→ **TASK INSTRUCTIONS**: The lines to copy run from the one containing "Bohužel musíme s" to the very end of the records; give them exactly, and only them, without pictures.

→ **RECORDS TO PROCESS**:
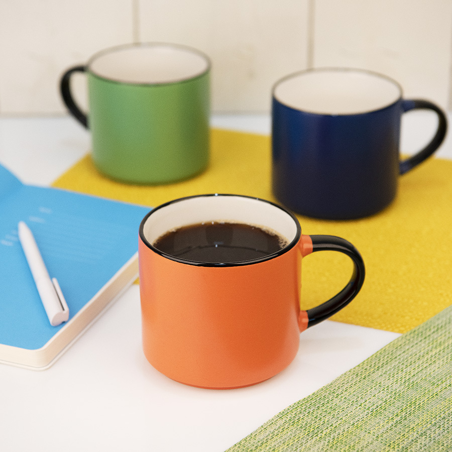 Ёмкая кружка трендовой цилиндрической формы с матовым покрытием.Яркий цветной корпус с черной ручкой и кантом по краю.Цвет близкий к Pantone 165C
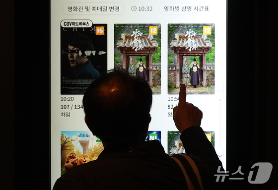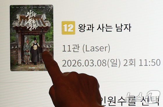 8일 서울 용산구의 한 영화관에서 관람객이 천만 관객을 돌파하며 흥행 질주 중인 영화 '왕과 사는 남자' 티켓을 구매하고 있다. 2026.3.8 © 뉴스1 오대일 기자
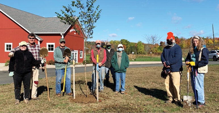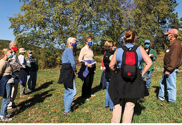 In mid-October, what was left of the warmth of the autumn sun offered a perfect day to share the fast-evolving Holcomb Farm Tree Trail with members of the Hartford Garden Club. Thanks to longtime Friends of the farm Put and Nannie Brown, members of this organization came to learn about the work that has been done to fight invasives, reclaim meadows and fields, and plant, nurture and label trees for environmental and educational advancement. The group spent several stunning New England autumn hours learning about the work of the Friends of Holcomb Farm through its intrepid Tree Trail volunteers, including Eric Lukingbeal, Susan Canavan and Barry Avery. The Garden Club members were so inspired by their work that the Garden Club made a financial gift to the Tree Trail, in honor of Eric and his crew.
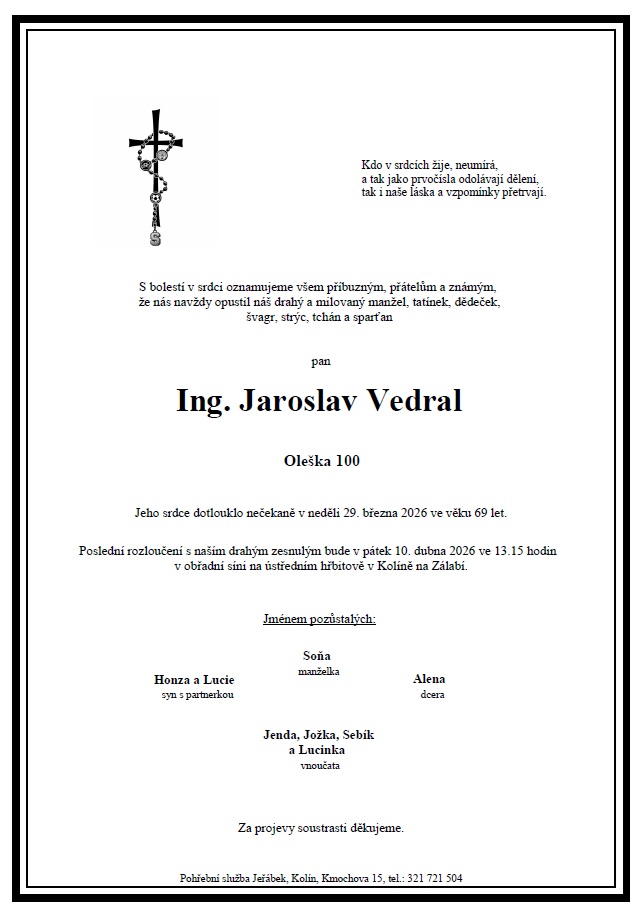 Bohužel musíme s hlubokým zármutkem oznámit, že nás ve věku 69 let, dne 29.3.2026 náhle opustil Ing. Jaroslav Vedral, člen výkonného výboru OFS Kolín a předseda TJ Sokol Horní Kruty.
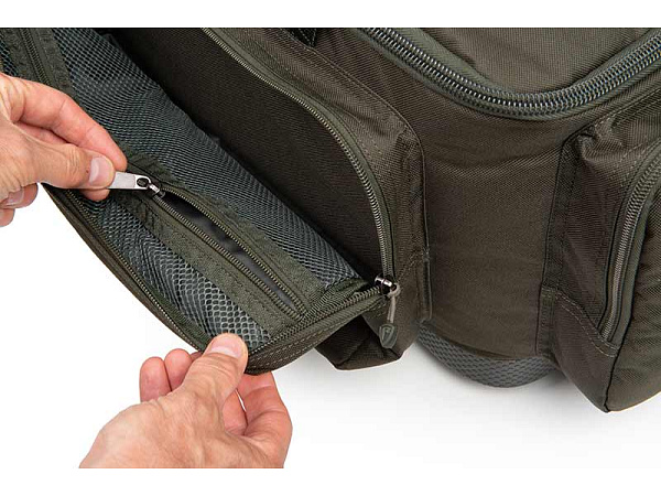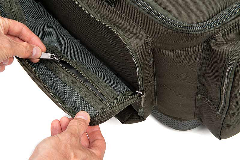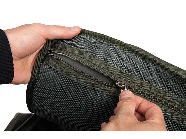 - Obsazené boční kapsy: dvě boční kapsy obsahují medium organizéry, nebo se do nich pohodlně uloží organizér Fox Edges Medium Box.
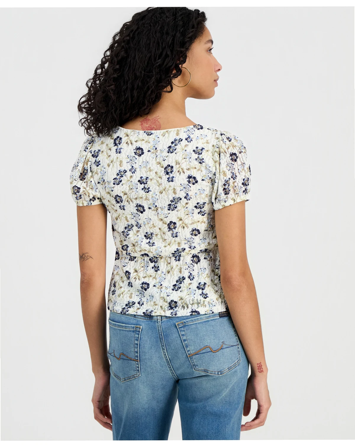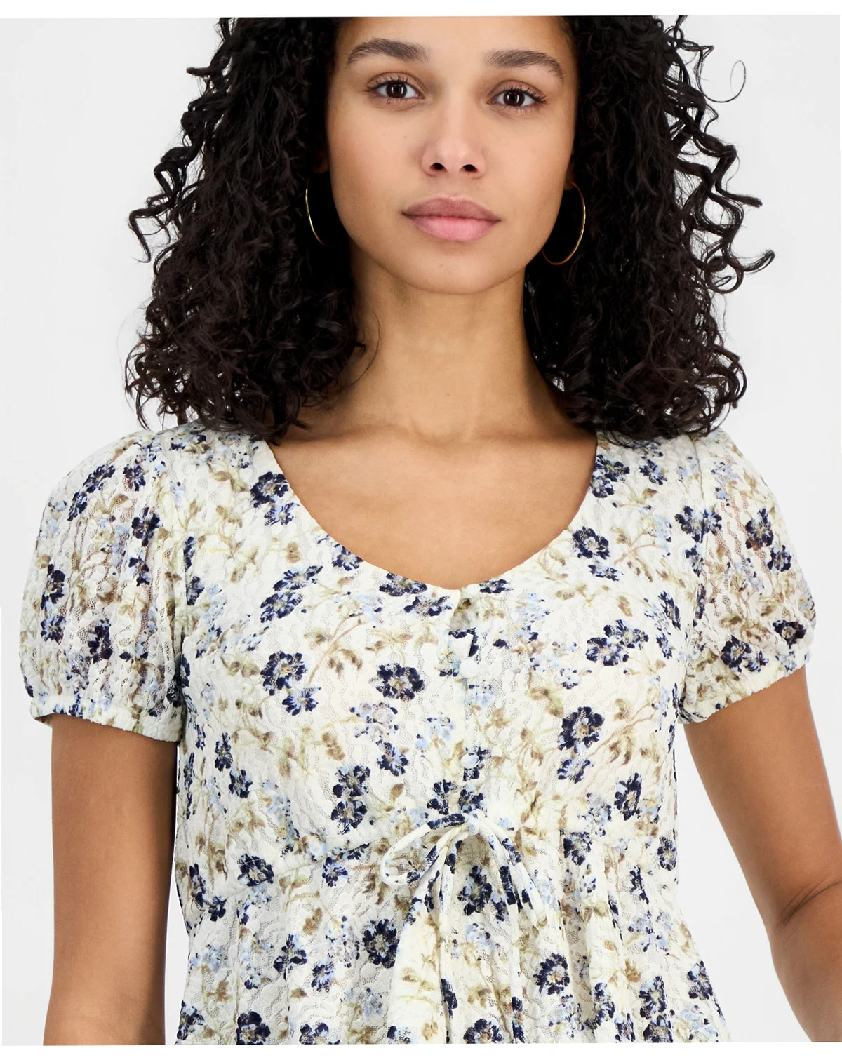 Self Esteem Juniors' Printed Lace Short-Sleeve Babydoll Top
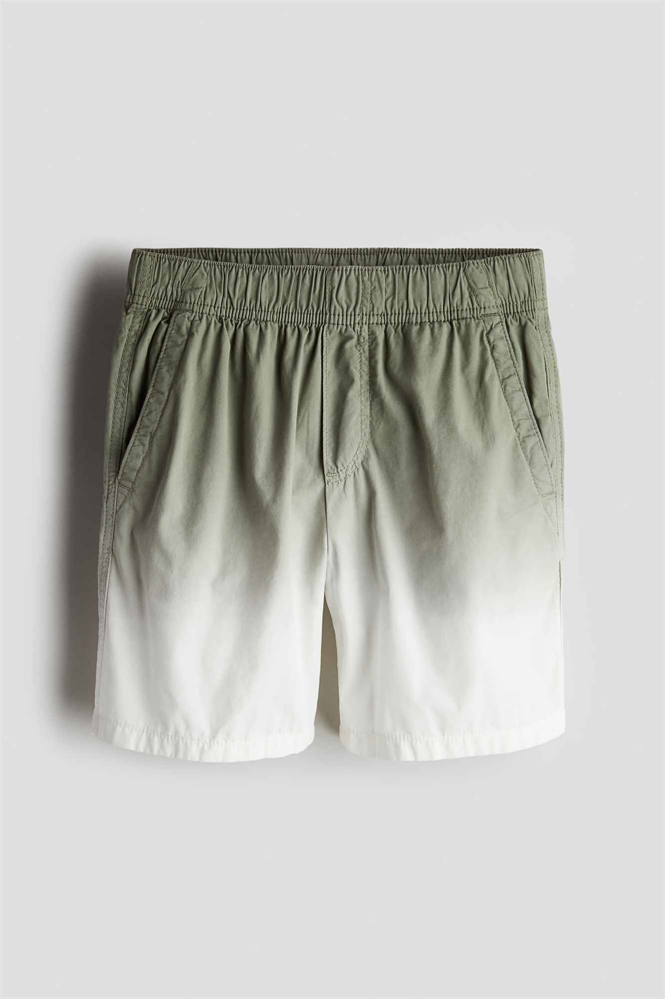 Шорты из хлопкового полотна с непринужденной посадкой по бедрам и ляжкам. Легко надеваются, эластичный пояс со скрытым шнурком, фальшивая ширинка и диагональные боковые карманы.

→ **WRITTEN REPLY**:
 Bohužel musíme s hlubokým zármutkem oznámit, že nás ve věku 69 let, dne 29.3.2026 náhle opustil Ing. Jaroslav Vedral, člen výkonného výboru OFS Kolín a předseda TJ Sokol Horní Kruty.
 - Obsazené boční kapsy: dvě boční kapsy obsahují medium organizéry, nebo se do nich pohodlně uloží organizér Fox Edges Medium Box.
 Self Esteem Juniors' Printed Lace Short-Sleeve Babydoll Top
 Шорты из хлопкового полотна с непринужденной посадкой по бедрам и ляжкам. Легко надеваются, эластичный пояс со скрытым шнурком, фальшивая ширинка и диагональные боковые карманы.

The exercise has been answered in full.